Molgula manhattensis - Ronde zakpijp
WETENSCHAPPELIJKE NAAM
Molgula manhattensis (De Kay, 1843)Indien de Ronde zakpijp Molgula manhattensis effectief in Europa geïntroduceerd werd, gebeurde de introductie vanuit de Noord-Amerikaanse oostkust. Er wordt echter ook geopperd dat de Ronde zakpijp die in Europa voorkomt verschilt van deze die in Noord- Amerika gevonden kan worden en daardoor als een andere, in Europa wel inheemse, soort (namelijk Molgula tubifera) beschouwd moet worden [5]. De situatie wordt nog complexer doordat veel zakpijpen die langs de zuidkust van Engeland [6] en de Nederlandse Waddenzee [7] voorkomen en vroeger tot de Ronde zakpijp gerekend werden, eigenlijk tot de eveneens inheemse soort Molgula socialis behoren [6, 7]. Recent genetisch onderzoek uit 2011 bevestigde dit laatste, maar kon geen uitsluitsel geven over het al dan niet inheems voorkomen van de Ronde zakpijp Molgula manhattensis in Europa [8].
Eerste waarneming in België
De eerste officiële Belgische waarneming en rapportage dateert uit het midden van de 19e eeuw [9]. Toen werd melding gemaakt van een massale aanwezigheid van de soort – onder het synoniem Ascidia ampulloides – in Oostende.
Er circuleert echter ook een tekening uit 1762 met daarop de afbeelding van een zakpijp – sterk gelijkend op de Ronde zakpijp Molgula manhattensis – die groeit op de sluizen en in de dokken van het Dijkwater op het eiland Schouwen-Duiveland (Zeeland) [5]. Als dit correct is, dan is het niet uitgesloten dat de soort toentertijd ook al in de Vlaamse kusthavens van Nieuwpoort en Oostende aanwezig was [10]. Deze tekening zou echter ook Molgula socialis kunnen betreffen [11].
Verspreiding in België
Na de eerste waarneming door Van Beneden uit 1847, bleef de soort tijdens de daaropvolgende eeuw aanwezig in de jachthaven van Oostende. In 1934 stortte de populatie in door een bruuske daling in het zoutgehalte, veroorzaakt door de doorstroming van zoetwater via het Kanaal Brugge-Oostende. De situatie kon zich snel herstellen en de soort werd er – geïdentificeerd als Molgula tubifera – massaal aangetroffen tussen 1937 en 1939 [12] en tussen 1952 en 1953 [13]. Ook in 1960-1961 werd de Ronde zakpijp – dit keer onder de naam Molgula manhattensis – massaal aangetroffen in de jachthaven van Oostende [14] en tijdens de jaren ‘70 in de Spuikom in Oostende [15, 16]. In 1999 werd de Ronde zakpijp waargenomen in het Insteekdok en de jachthaven van Zeebrugge, in de haven van Blankenberge en in de Spuikom van Oostende. Recent werd de Ronde zakpijp opnieuw aangetroffen in de jachthaven van Zeebrugge evenals in de Nederlandse Westerschelde ter hoogte van Hoedekenskerke [17].

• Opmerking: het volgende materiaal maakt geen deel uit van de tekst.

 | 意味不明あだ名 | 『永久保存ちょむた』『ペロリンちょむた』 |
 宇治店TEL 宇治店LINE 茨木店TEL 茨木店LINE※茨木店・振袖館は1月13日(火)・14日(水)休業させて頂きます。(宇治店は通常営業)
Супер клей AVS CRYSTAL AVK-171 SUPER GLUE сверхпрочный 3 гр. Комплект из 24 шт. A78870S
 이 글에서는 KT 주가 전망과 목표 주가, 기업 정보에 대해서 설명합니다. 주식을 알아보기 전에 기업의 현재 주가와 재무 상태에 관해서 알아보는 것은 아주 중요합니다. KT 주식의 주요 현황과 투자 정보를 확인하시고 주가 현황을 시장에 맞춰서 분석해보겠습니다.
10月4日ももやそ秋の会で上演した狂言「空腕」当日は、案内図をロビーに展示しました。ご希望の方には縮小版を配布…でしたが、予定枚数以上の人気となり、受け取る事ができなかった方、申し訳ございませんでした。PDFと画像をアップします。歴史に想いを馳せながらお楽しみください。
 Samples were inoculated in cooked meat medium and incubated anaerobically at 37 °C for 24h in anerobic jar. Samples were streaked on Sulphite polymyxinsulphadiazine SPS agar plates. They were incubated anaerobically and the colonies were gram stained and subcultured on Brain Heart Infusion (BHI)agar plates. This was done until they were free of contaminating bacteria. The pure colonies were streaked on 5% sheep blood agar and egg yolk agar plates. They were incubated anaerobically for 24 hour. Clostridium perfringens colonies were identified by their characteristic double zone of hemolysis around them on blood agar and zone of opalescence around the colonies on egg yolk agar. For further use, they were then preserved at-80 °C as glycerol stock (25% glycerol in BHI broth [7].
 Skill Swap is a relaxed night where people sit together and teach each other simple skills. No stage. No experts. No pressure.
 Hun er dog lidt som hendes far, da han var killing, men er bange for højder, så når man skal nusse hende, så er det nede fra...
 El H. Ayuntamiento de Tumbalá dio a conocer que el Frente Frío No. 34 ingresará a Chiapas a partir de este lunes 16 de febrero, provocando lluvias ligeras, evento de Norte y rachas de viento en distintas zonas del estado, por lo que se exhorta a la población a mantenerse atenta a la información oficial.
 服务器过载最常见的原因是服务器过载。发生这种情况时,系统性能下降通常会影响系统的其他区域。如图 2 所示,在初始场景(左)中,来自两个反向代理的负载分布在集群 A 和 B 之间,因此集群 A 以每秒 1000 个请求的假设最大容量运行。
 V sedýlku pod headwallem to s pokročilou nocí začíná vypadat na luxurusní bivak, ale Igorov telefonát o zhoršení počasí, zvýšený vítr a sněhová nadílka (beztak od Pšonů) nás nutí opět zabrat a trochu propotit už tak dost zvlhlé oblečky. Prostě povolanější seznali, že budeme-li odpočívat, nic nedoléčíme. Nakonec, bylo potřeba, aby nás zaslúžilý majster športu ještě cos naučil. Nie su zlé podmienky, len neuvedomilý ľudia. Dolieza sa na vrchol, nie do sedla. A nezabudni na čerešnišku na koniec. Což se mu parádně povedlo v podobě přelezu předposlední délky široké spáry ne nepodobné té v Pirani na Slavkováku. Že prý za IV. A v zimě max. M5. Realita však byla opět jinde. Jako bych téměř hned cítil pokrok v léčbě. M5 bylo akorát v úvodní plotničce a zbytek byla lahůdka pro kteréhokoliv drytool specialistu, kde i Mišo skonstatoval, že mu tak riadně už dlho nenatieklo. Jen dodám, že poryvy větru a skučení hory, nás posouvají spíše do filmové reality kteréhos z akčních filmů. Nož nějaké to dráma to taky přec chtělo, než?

Recent genetisch onderzoek toont aan dat de zakpijp die in Oostende groeit wel degelijk de Ronde zakpijp Molgula manhattensis is, en niet de Europese soort die er sterk op lijkt: Molgula socialis [8].
Verspreiding in onze buurlanden
Ook in Nederland is de vroegste waarneming van de Ronde zakpijp een vaag gegeven. De introductie ervan gebeurde heel vroeg en dient dus te worden onderzocht op basis van literatuur of museumexemplaren [5]. Mogelijk is de tekening uit 1762 (zie boven) het eerste bewijsmateriaal van de aanwezigheid van de Ronde zakpijp [2, 5, 18, 19], al kan het hier ook om Molgula socialis gaan [11]. Hoe dan ook kwam de soort in 1956 plaatselijk zeer talrijk voor in de Zeeuwse wateren, op enkele plaatsen in de Waddenzee, in de haven van IJmuiden en Den Helder (Noord-Holland) en in de Zuiderzee (tot bij de afdamming in 1932) [20, 21]. Eind de jaren ‘70 komt de soort nog steeds voor op bovengenoemde locaties en wordt de Ronde zakpijp beschouwd als een regelmatig voorkomende soort in Nederlandse wateren [2, 5]. In de Waddenzee komen zowel de Ronde zakpijp [7] als de er erg gelijkende Molgula socialis [7] voor.
Verder komt de soort sinds de 19e eeuw voor in de Deense fjorden [21] en werd hij recent aangetroffen op het Duitse eiland Sylt, nabij Denemarken [8].
In Frankrijk dateert de eerste waarneming van de jaren ‘40, uit het noorden van Bretagne [22]. Het verspreidingsgebied langsheen de Franse Atlantische kust beperkt zich tot op vandaag tot de Bretoense regio [8]. Langs de Britse kust werd de soort in 1970 als algemeen gerapporteerd [23]. Echter, het is best mogelijk dat vele van deze laatste waarnemingen toegeschreven kunnen worden aan Molgula socialis; de Europese zakpijpsoort die erg op de Ronde zakpijp lijkt [6]. Tijdens een recent onderzoek kon men immers geen exemplaren van de Ronde zakpijp vinden langsheen de Britse eilanden en het Iberische schiereiland.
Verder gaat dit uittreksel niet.